* **REQUIRED WORK**:
Would you please repeat, word for word, only the lines from the one holding "Use a mattress" through the one holding "手持長矛、大砍刀、槍支和獵犬的新竹賽夏族勇士準備出獵1920-1930間" in the material below, without the pictures?

* **TASK DATA**:
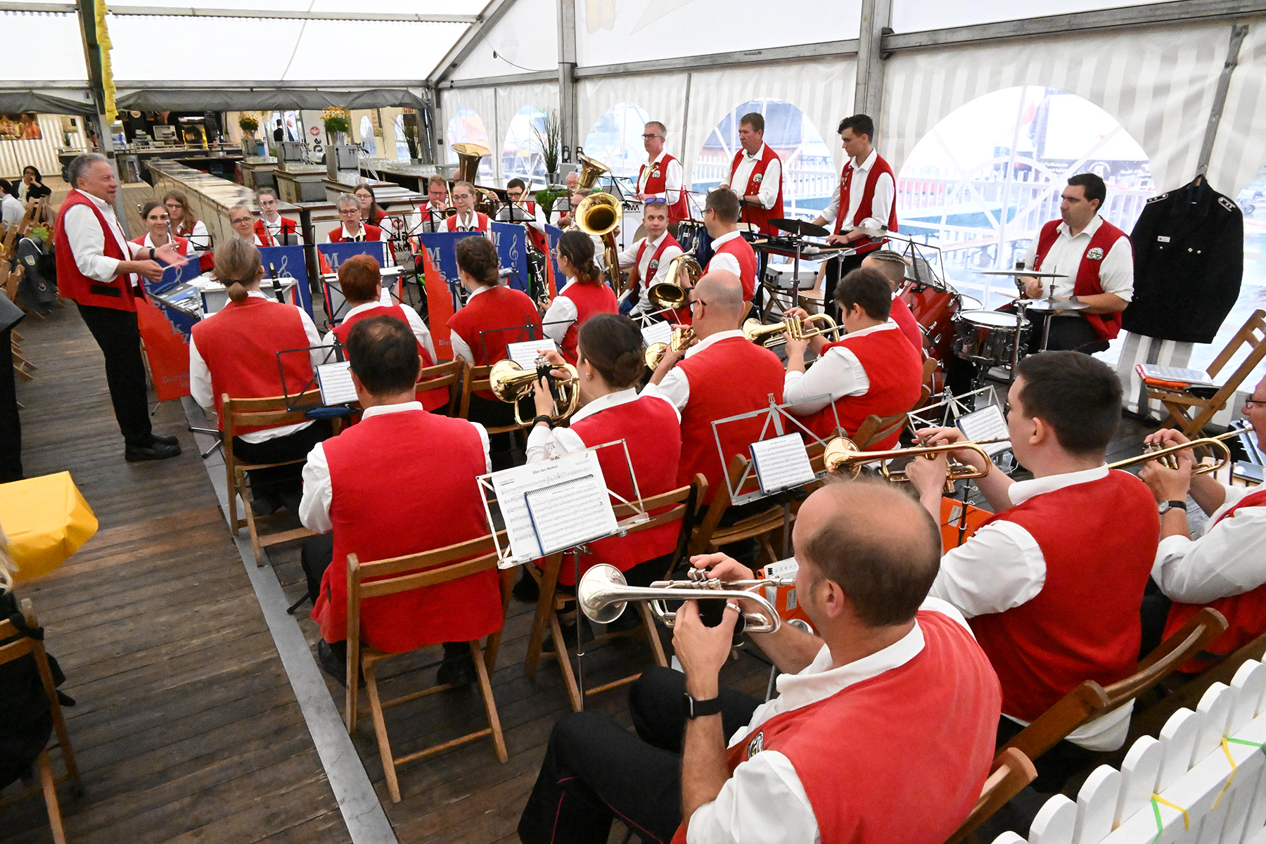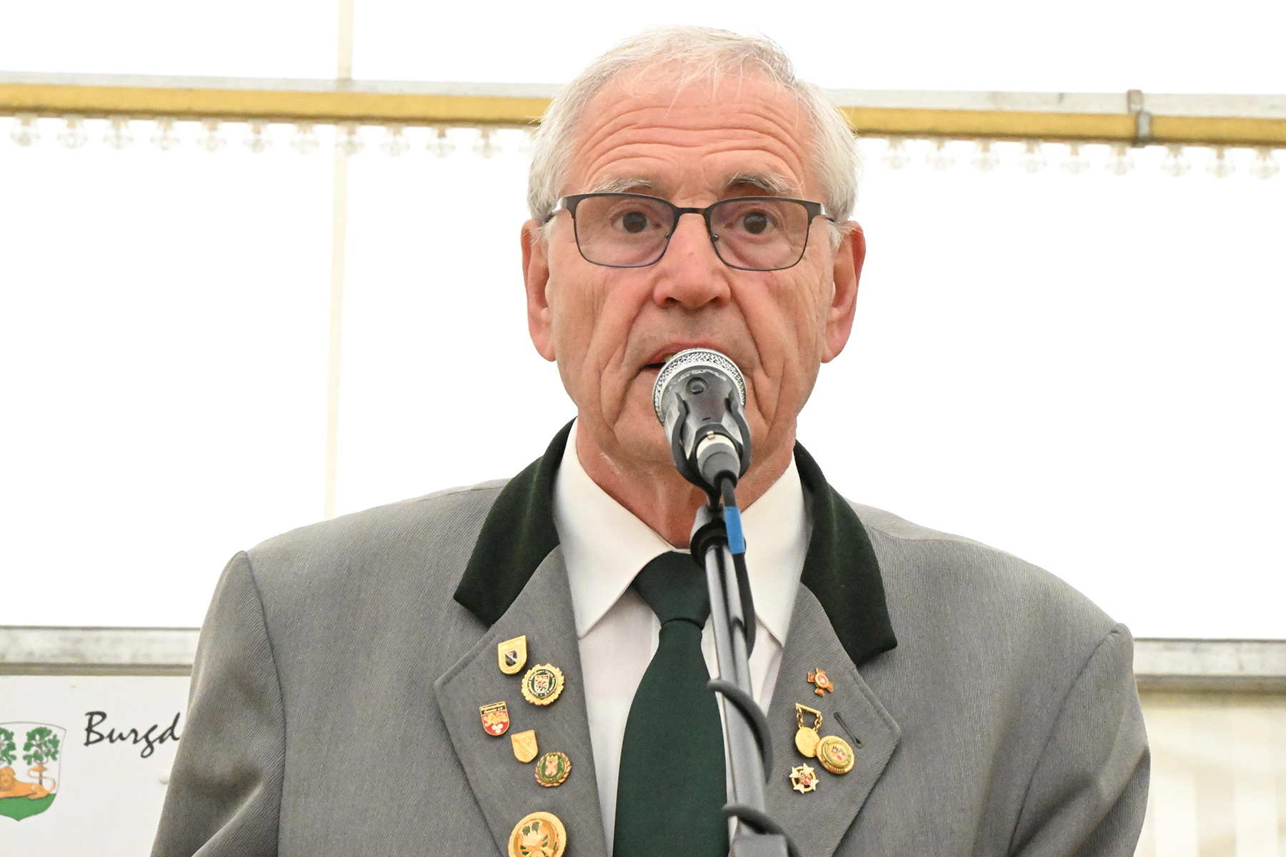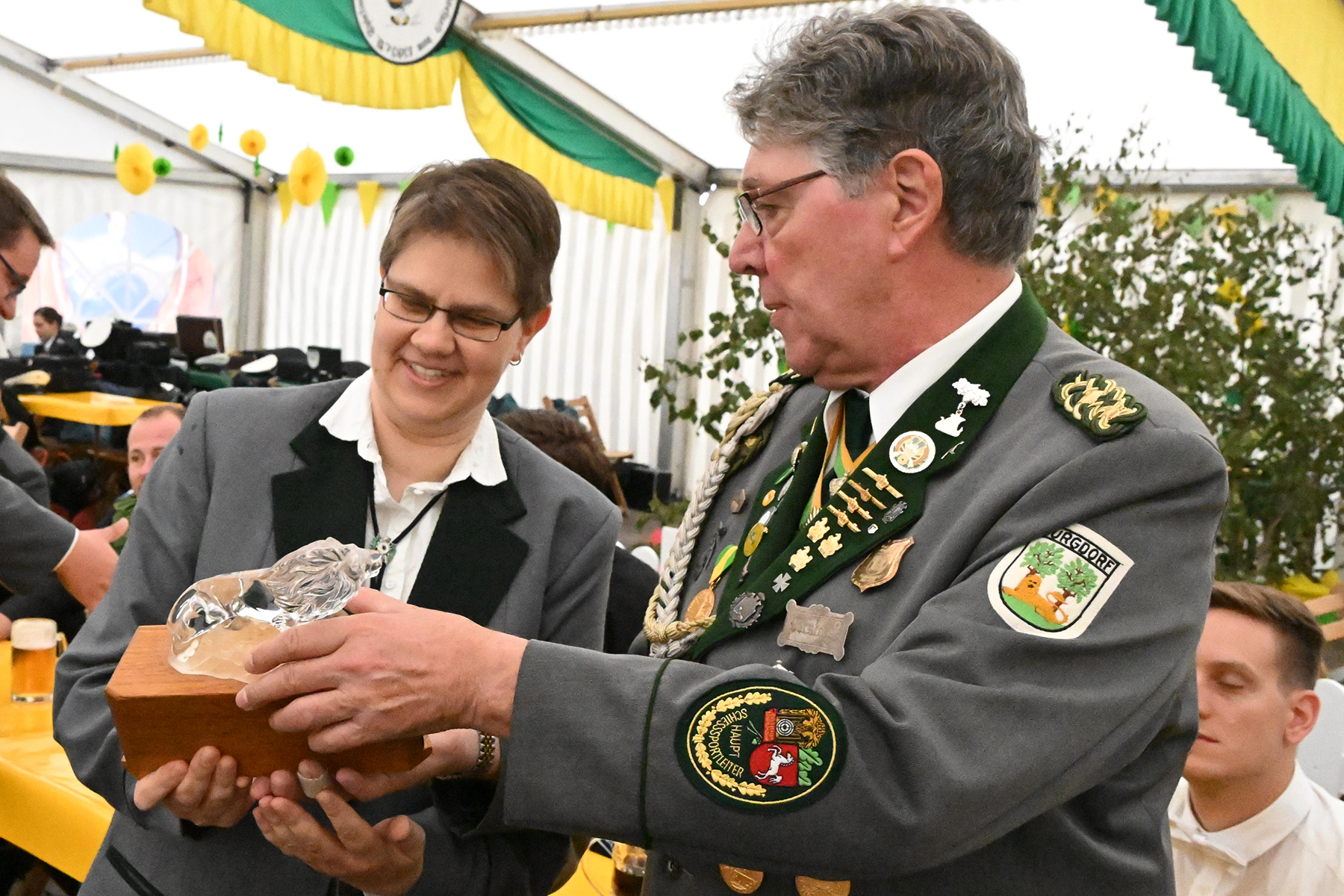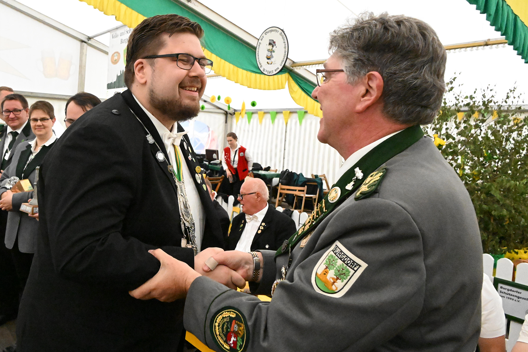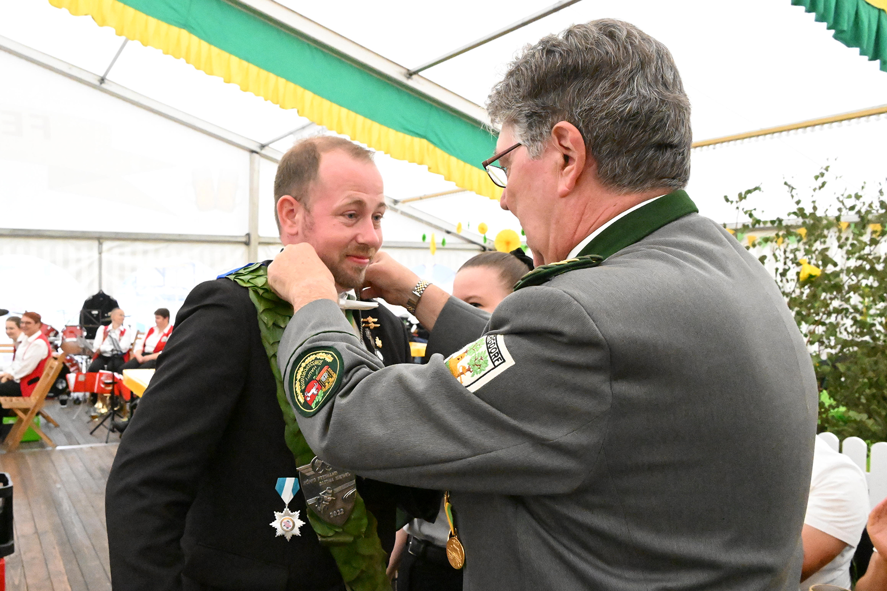 Zurück im Festzelt erhielt dann die Junggesellencorporation vom Club Germania ein Geschenk überreicht: Der neue Vorsitzende der Junggesellen, René Broka, erhielt ein Zweispitz. Neben dieser traditionelle Kopfbedeckung gehört auch ein Degen zum Outfit des Vorsitzenden. Zum ersten Mal ist dieser beim Festumzug am Sonntag zu sehen.
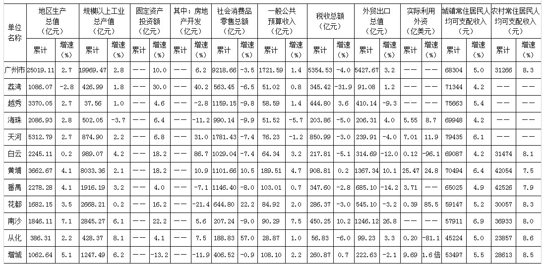 注:1、2020年数据为初步统计数; 2、从2018年起,市统计局只反馈固定资产投资(项目在地)增速,下同; 3、2016-2020年一般公共预算收入(支出)数据为财政总决算数据。 2020年1-12月广州市各区主要经济指标对比表
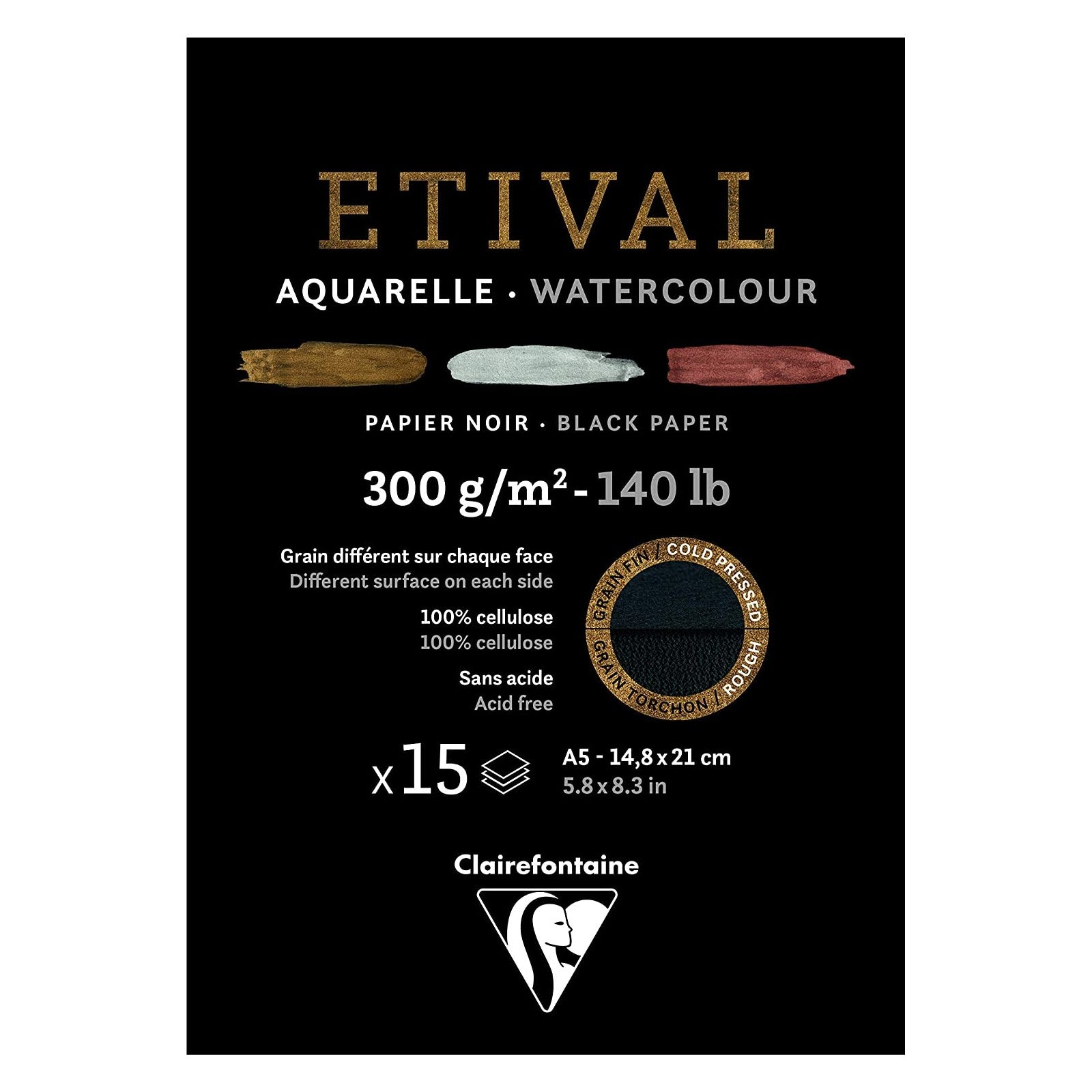 BLOCO CLAIREFONTAINE ETIVAL BLACK 300G/M2 A5 15 FLS
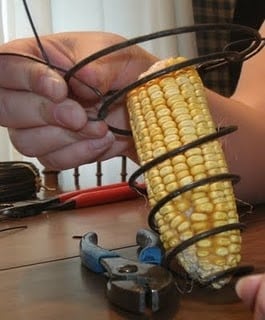 Use a mattress spring to feed the squirrels. Just pop in a piece of corn.
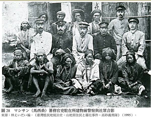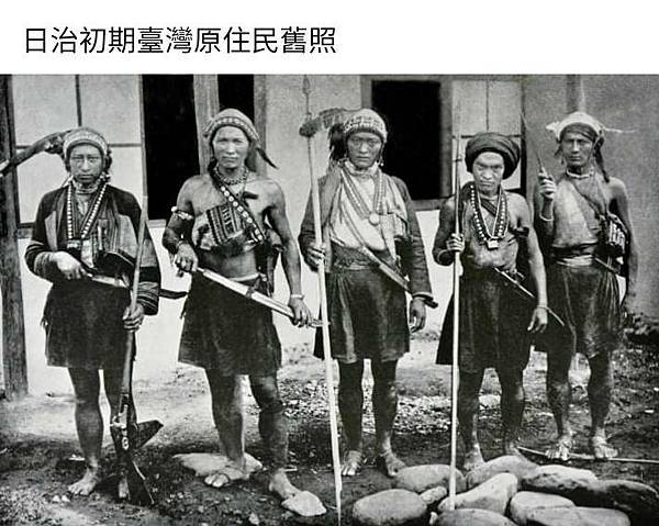 手持長矛、大砍刀、槍支和獵犬的新竹賽夏族勇士準備出獵1920-1930間
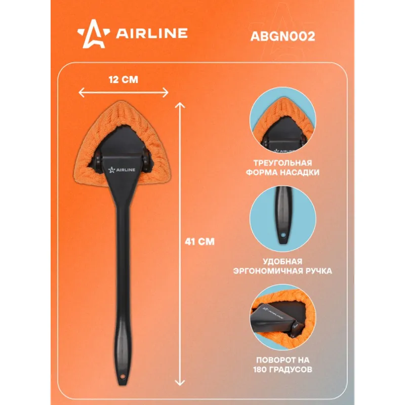 Щетка для мытья лобового стекла из микрофибры треугольная (14*12 см) Описание: Щетка AIRLINE ABGN002 выполнена из пластика с насадкой из мягкой микрофибры. Идеально подходит для мытья лобового стекла за счет подвижности насадки. Отлично справляется с запотеванием стекла. Щеткой легко доставать до любых труднодоступных участков, включая высокий багажник. Благодаря этому, вы сможете без усилий очистить лобовое стекло, крышу, капот, борта грузового автотранспорта. Автощетка оснащена микрофиброй, которая обеспечивает очистку без появления царапин на лакокрасочных поверхностях. Длинный и мягкий ворс на насадке хорошо впитывает воду и отлично собирает пыль с кузова на сухую. Автощетку удобно хранить в багажнике, в кладовке, в машине и легко найдет применение в быту. Автомобильная телескопическая щетка - это самый важный аксессуар который должен быть у каждого автолюбителя. Щетка AIRLINE для автомобиля повысит уровень комфорта во время путешествий и ежедневных поездок, поэтому станет нужным полезным подарком автомобилисту, мужу, папе, бату, дяде, жене, маме, сестре, тете, коллеге. Этот аксессуар для машины - это универсальный подарок на любой праздник, новый год, 23 февраля, 8 марта. В линейке AIRLINE, вы найдете широкий ассортимент высококачественных автотоваров и средств по уходу за вашим автомобилем щетки для окон, водосгоны, скребки, швабры. Мы гарантируем качество и надежность наших товаров. Характеристики: Артикул: ABGN002 Материал: микрофибра Длина в разложенном виде, см: 41 Ширина щетки, см: 14 Длина щетки, см: 12 Комплектация: Щетка из микрофибры в двойном блистере - 1 шт Гарантия: от 1 года.

* **SOLUTION BELOW**:
 Use a mattress spring to feed the squirrels. Just pop in a piece of corn.
 手持長矛、大砍刀、槍支和獵犬的新竹賽夏族勇士準備出獵1920-1930間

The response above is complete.